SELECT ROW_NUM,CCY_CD,TXN_DT,CNTRY_DESC
  FROM CURRENCY JOIN TXN ON (CURRENCY.CCY_CD = TXN.CCY_CD)
 WHERE TXN_DT BETWEEN EFF_ST_DT AND EFF_END_DT;
 UNION ALL
SELECT ROW_NUM,CCY_CD,TXN_DT, null AS CNTRY_DESC
  FROM TXN
 WHERE NOT EXISTS (SELECT 1 FROM CURRENCY WHERE CURRENCY.CCY_CD =
TXN.CCY_CD)

2017-08-23 23:47 GMT+08:00 Furcy Pin <[email protected]>:

> Ho, in that case...
>
> (First I notice that you say you want all records in TXN but in the query
> you give, you perform your join the other way round.)
>
> This is a typical use case that SQL is not very good at handling...
>
> The solutions I see are:
>
> - use RANK as you suggested.
>   Note that Hive is smart enough to optimize it correctly :
>   if you use a filter WHERE Rank() < K, it will take the K first values in
> RAM and ignore the rest, rather than ranking everything and filtering
> afterwards.
>
> - perform a GROUP BY TXN.ROW_NUM so you have only one line per
> transaction. Aggregate the rest the way you like (max, max_by or arbitrary)

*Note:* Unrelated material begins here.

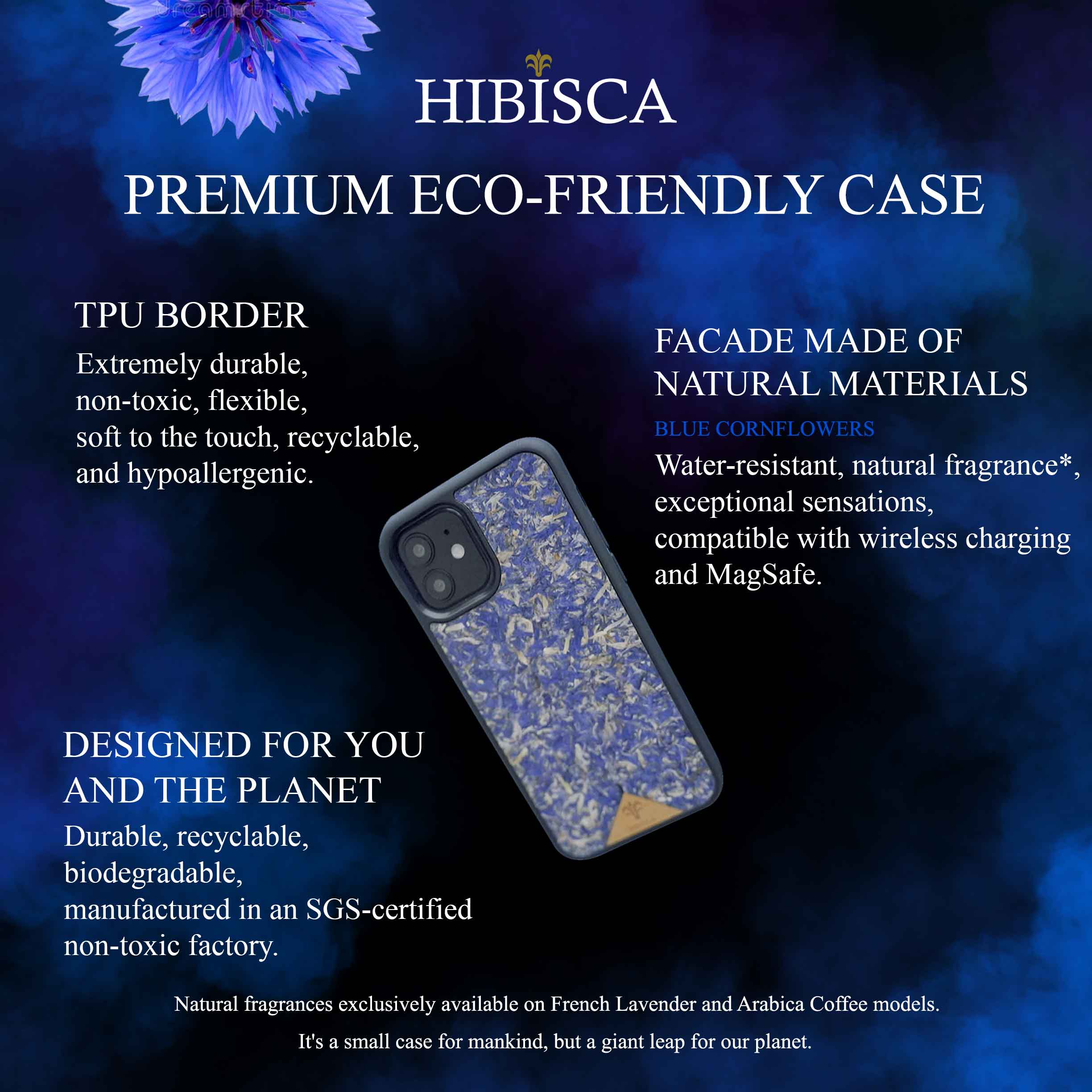 The natural material front panels of Hibisca phone cases offer exceptional touch and an incomparable natural fragrance. They are crafted from carefully selected raw materials, such as French lavender, Arabica coffee, cornflower petals, and even a Swarovski Crystal version made of multiple flowers. The durable texture of each front panel will bring a touch of elegance and sophistication to your decor and style. Moreover, you can rest assured knowing that the materials used to make these cases are sustainable and environmentally friendly.

>   To handle the missing EUR line, just add a (OR CURRENCY.CCY_CD IS NULL)
> to your where clause (and reverse the left join).
>
> - Most complicated way to implement, but simplest to use afterwards:
>   replace your CURRENCY table with a table where you have only one row per
> currency, and store the multiple start/end dates in an array of structs,
>   then a UDF that given such array and a date returns the correct
> description. It only works if you don't have too many description per
> currency though.
>   This is where Spark comes handy: it is simpler to define UDFs with it.
>
>
>
> On Wed, Aug 23, 2017 at 5:21 PM, Ramasubramanian Narayanan <
> [email protected]> wrote:
>
>> Hi,
>>
>> TXN.TXN_DT should be between CURRENCY.EFF_ST_DT and CURRENCY.EFF_END_DT.

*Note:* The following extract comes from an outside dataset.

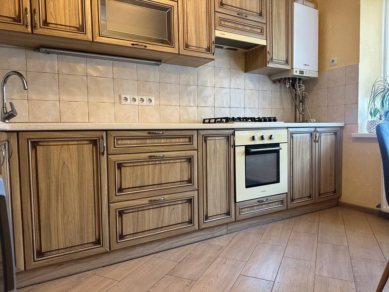 Велика кухня, роздільні кімнати, лоджія з панорамними вікнами.

>> It needs to be equated.
>>
>>
>> regards,
>> Rams
>>
>> On Wed, Aug 23, 2017 at 7:55 PM, Furcy Pin <[email protected]>
>> wrote:
>>
>>> I would suggest to use a subquery
>>>
>>> WITH unique_currency AS (
>>>   SELECT
>>>     CCY_CD,
>>>     MAX(CNTRY_DESC) as CNTRY_DESC
>>>   FROM CURRENCY
>>>   GROUP BY CCY_CD
>>> )
>>>
>>> and then perform your left join on it.
>>>
>>> Some SQL engine (e.g. Presto) have aggregation functions like
>>> arbitrary(col) that take any value and are a little less costly than a
>>> max.
>>> Sometimes, they also have functions like max_by(x, y)
>>> <https://prestodb.io/docs/current/functions/aggregate.html#max_by> that
>>> would allow you to get the most recent description.
>>>
>>> It is a shame that this function is not included in Hive yet, but still
>>> you can find some UDAF implementations on github
>>> <https://github.com/dataiku/dataiku-hive-udf#first_of_group-last_of_group>
>>> .
>>>
>>>
>>>
>>> On Wed, Aug 23, 2017 at 3:37 PM, Ramasubramanian Narayanan <
>>> [email protected]> wrote:
>>>
>>>> Hi,
>>>>
>>>> Need your suggestion on the below.
>>>>
>>>> Have two tables TXN and CURRENCY.
>>>>
>>>> Need all records in TXN and hence doing Left Join with CURRENCY.
>>>>
>>>> *Two problems :*
>>>> 1. CURRENCY table may contain duplicate records hence it needs to be
>>>> handled through RANK or some other function.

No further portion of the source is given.